** DATASET CONTENT follows **
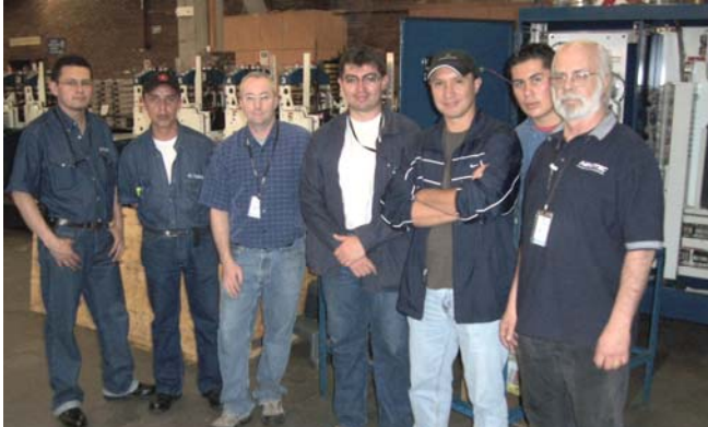
El Tiempo staff being trained on their new Quipp NEWSCOM 6 Inserter Control
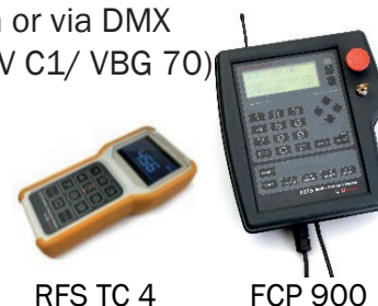
RFS TC 4
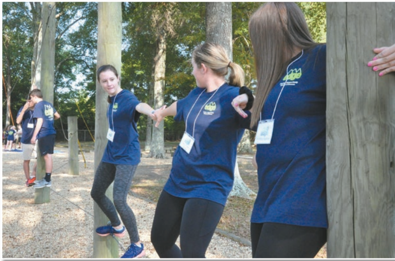
A successful ropes course experience required communication, teamwork and strategy – all themes of the Edge Student Leadership program.

of the training rooms, as well as the high-bay floor where robotics students practice their coding and programming projects on robots similar to what they would find in automotive manufacturing environments. Equip is presented by Nucor Steel Decatur , along with Day Sponsor Magnolia River .
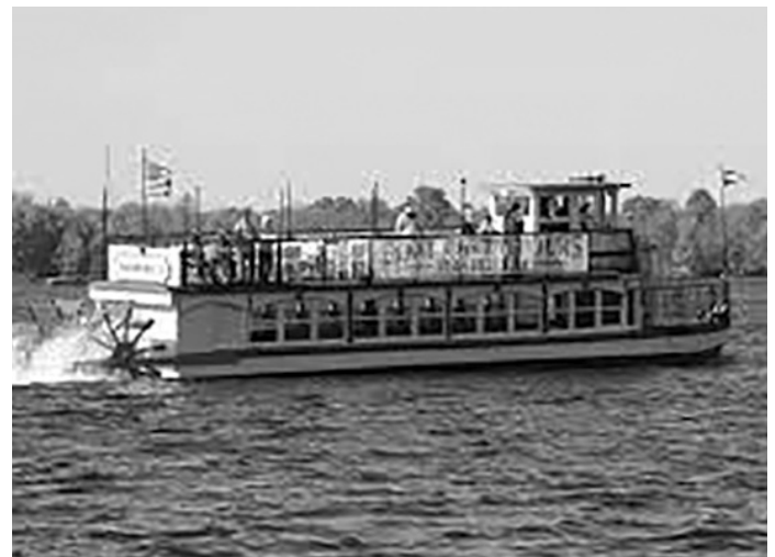
Barbara J - Sternwheeler 14

Office: Conneaut Lake & NW Pa – August, 2025
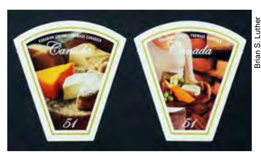
Scott 2170 & 2171 showing moldy cheeses (see text).

The third postal item with fungi is the right front outside cover of Canada booklet 2171a, which shows a round of cheese covered with mold, on which is a smaller wedge of yellow cheddar. The mold growth is obvious and is most likely Penicillium roquefortii or Penicillium camembertii, the two common species growing on and flavoring cheeses. The variety of cheese is not specifically mentioned, however, so we don't know for sure. The two stamps (2170 & 2171) are photographs designed and shaped to appear like cheese labels. All these stamps are die cut and self-stick.
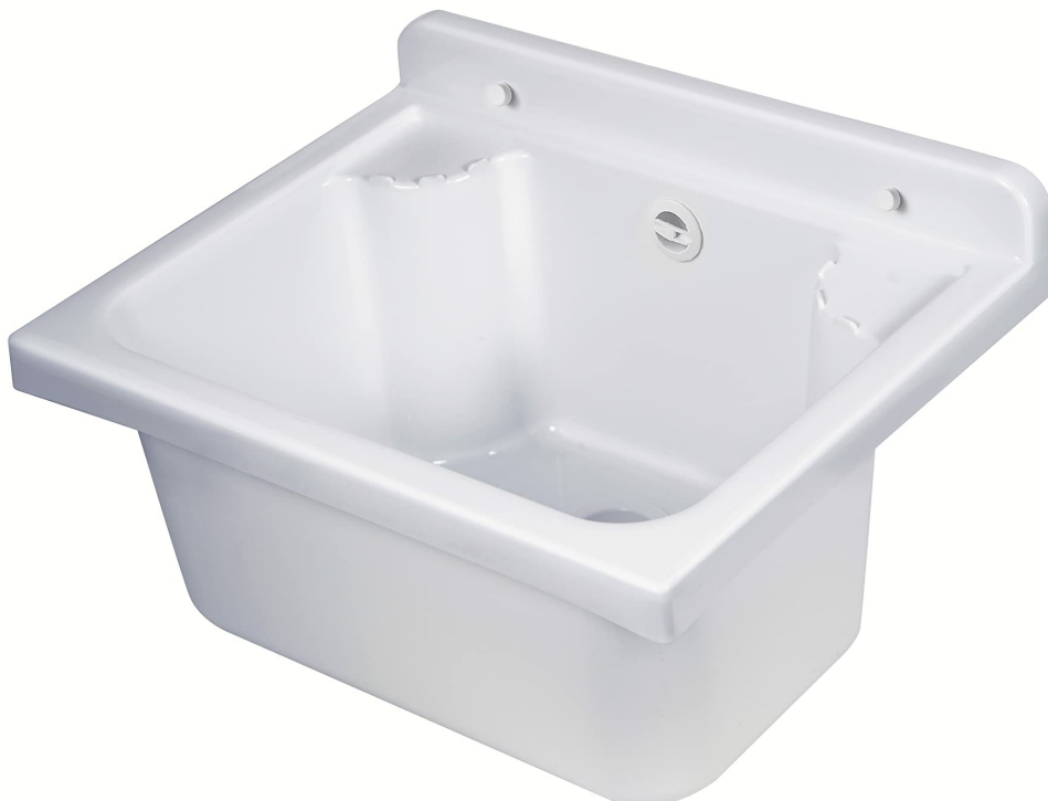
Image: General view of the Negrari 2051DAM wall-mounted utility sink.

Thank you for choosing the Negrari 2051DAM Wall-Mounted Resin Utility Sink. This product is designed for durability and versatility, suitable for various indoor and outdoor applications such as laundry rooms, gardens, terraces, garages, and verandas. Manufactured from virgin polypropylene resin, it offers excellent resistance to common acids and atmospheric agents. This manual provides essential information for safe installation, proper use, and effective maintenance of your new utility sink.
** End of DATASET CONTENT **
ASSIGNED TASK -> Copy whichever lines of the records above contain the word "utility".

RESPONSE TO THE EXERCISE ->
Image: General view of the Negrari 2051DAM wall-mounted utility sink.
Thank you for choosing the Negrari 2051DAM Wall-Mounted Resin Utility Sink. This product is designed for durability and versatility, suitable for various indoor and outdoor applications such as laundry rooms, gardens, terraces, garages, and verandas. Manufactured from virgin polypropylene resin, it offers excellent resistance to common acids and atmospheric agents. This manual provides essential information for safe installation, proper use, and effective maintenance of your new utility sink.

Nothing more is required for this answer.